**WHAT THE EXERCISE ASKS**
Copy exactly the lines from the start of the material through the line with "Removal efficiency values". Pictures stay out of the copy.

**SUPPLIED MATERIAL**
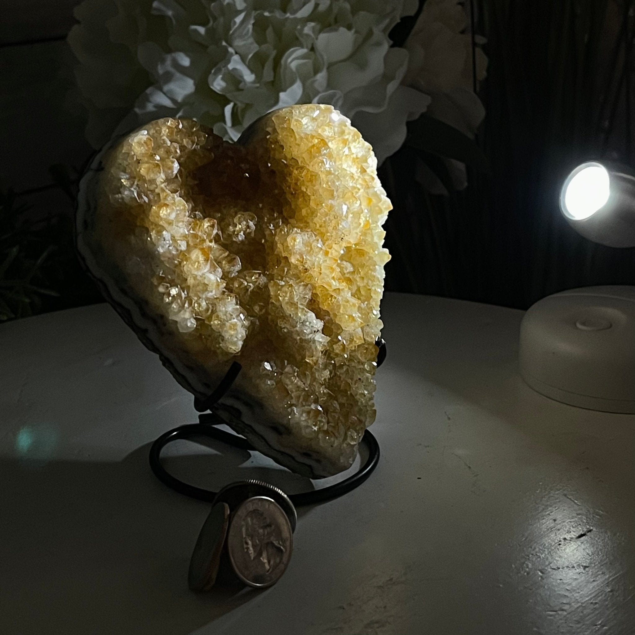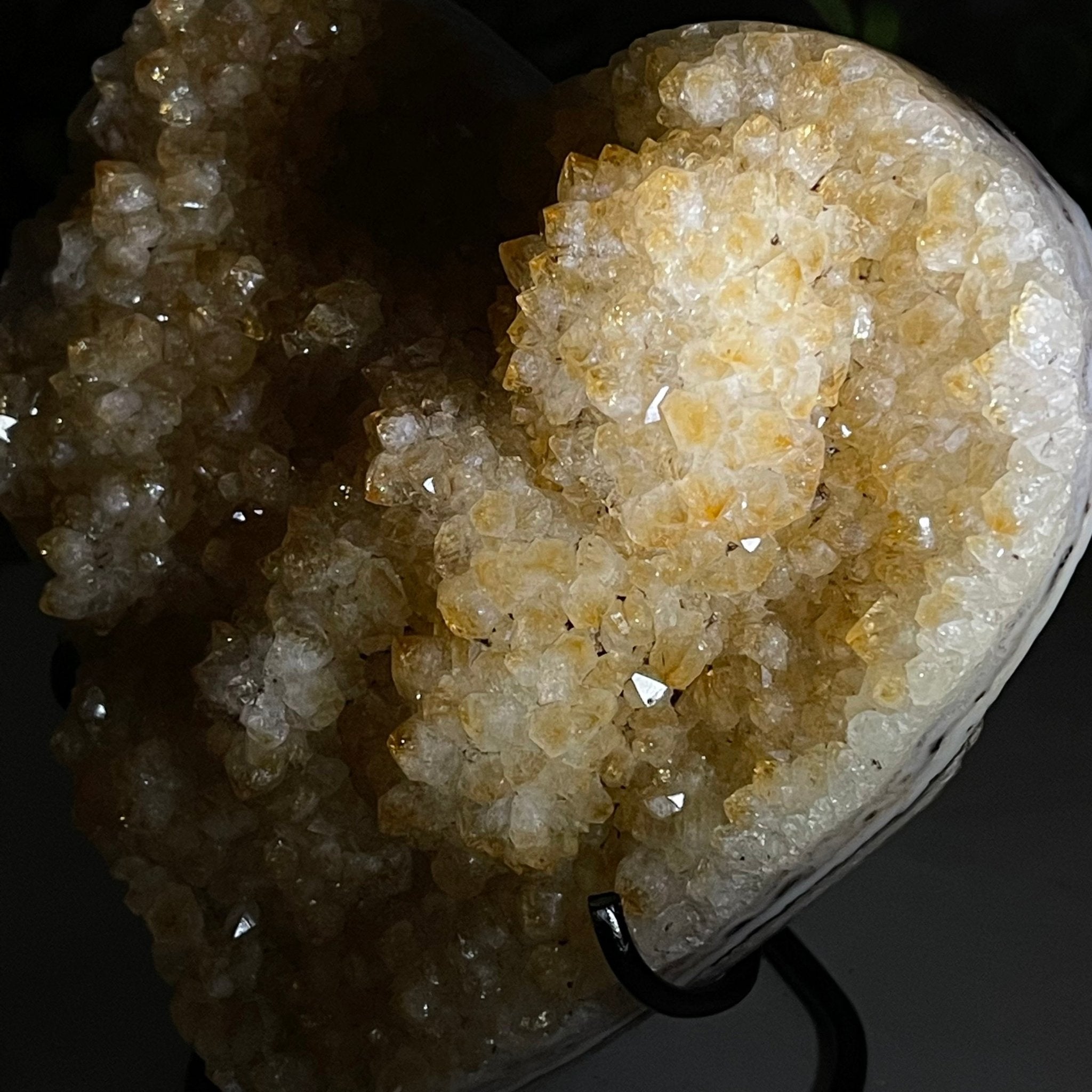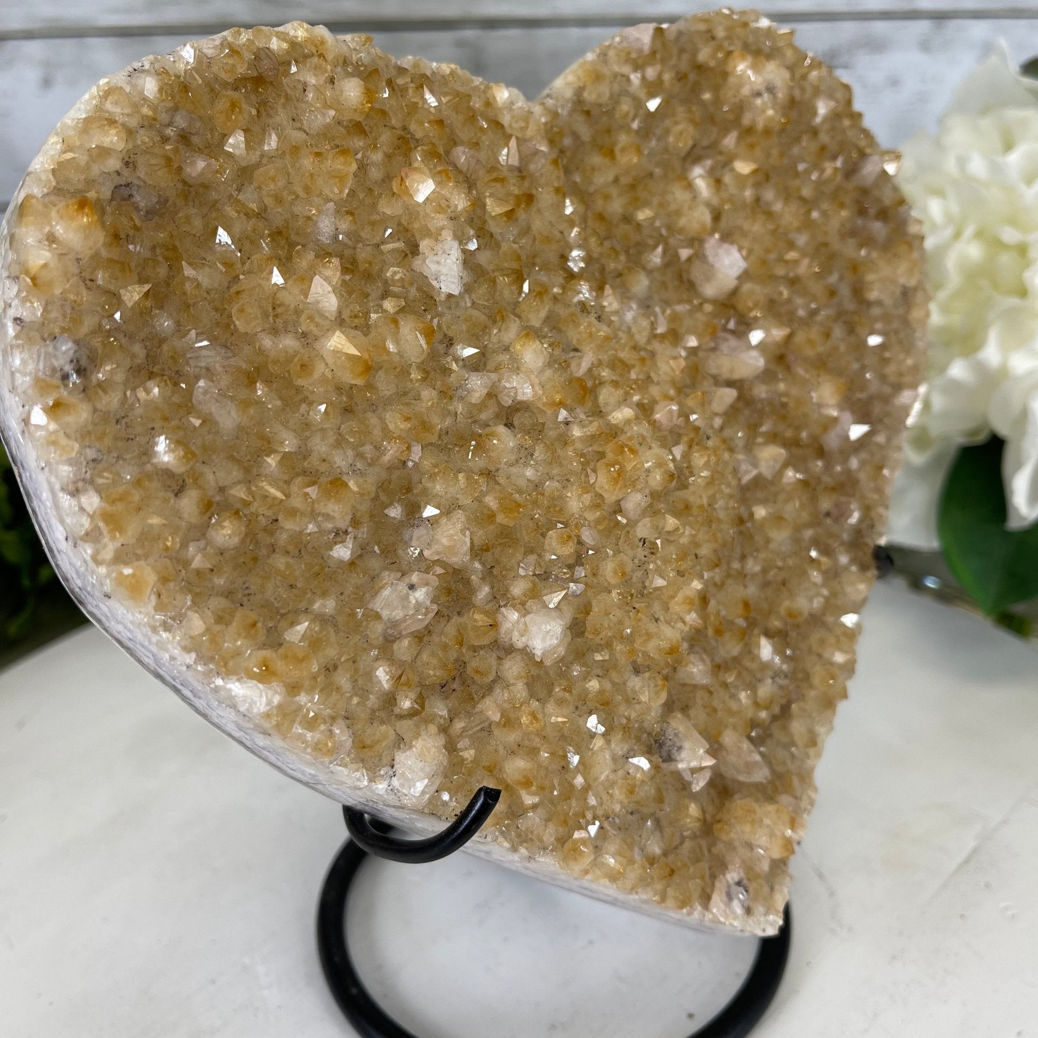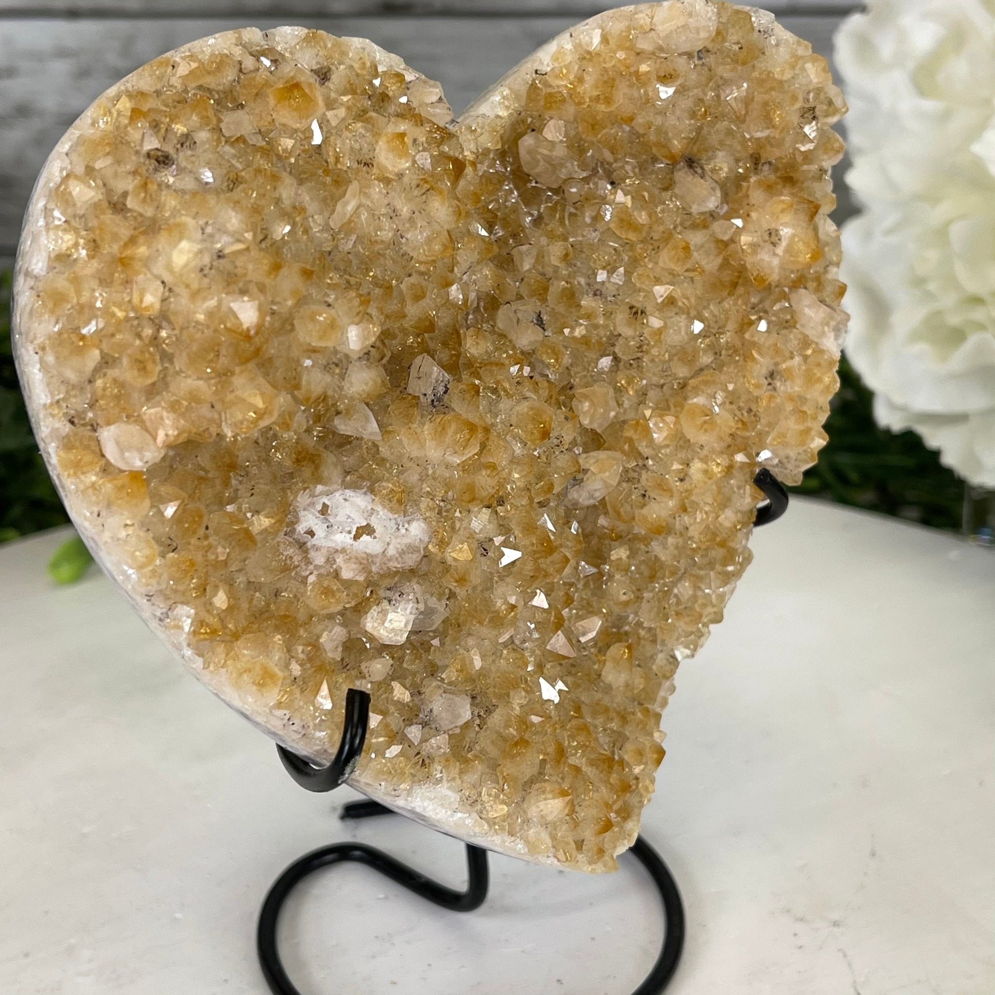 Quality Heart-Shaped Citrine Geodes on a metal or acrylic stand. Beautiful gemstones with polished edges and natural rough stone on its backside.
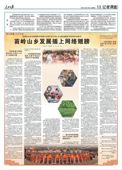 茶和苗寨怎么打出名声?很大程度依靠“数字化”。2021年,我们县登上人民日报,《苗岭山乡发展插上网络翅膀》的整版报道,道出了苗岭山乡走红的秘诀,更进一步带旺了人气。
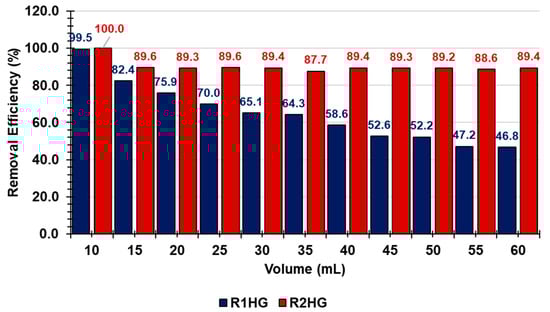 Removal efficiency values of R1HG and R2HG during filtration of increasing volumes of NO2− solutions 118 mg/L (2.57 mM).
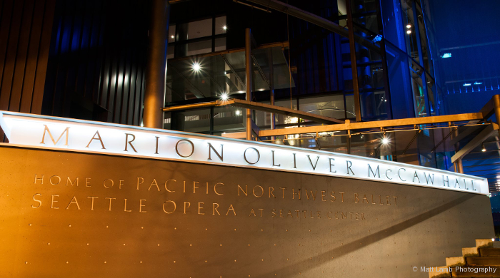 Each year the Ballet and Opera present approximately 150 performances in McCaw Hall. In addition, the Hall hosts two productions of the Seattle Men’s Chorus annually, as well as a wide range of popular music concerts, lectures, corporate meetings, receptions, weddings, festival performances, community, and non-profit events.

**EXPECTED OUTPUT**
 Quality Heart-Shaped Citrine Geodes on a metal or acrylic stand. Beautiful gemstones with polished edges and natural rough stone on its backside.
 茶和苗寨怎么打出名声?很大程度依靠“数字化”。2021年,我们县登上人民日报,《苗岭山乡发展插上网络翅膀》的整版报道,道出了苗岭山乡走红的秘诀,更进一步带旺了人气。
 Removal efficiency values of R1HG and R2HG during filtration of increasing volumes of NO2− solutions 118 mg/L (2.57 mM).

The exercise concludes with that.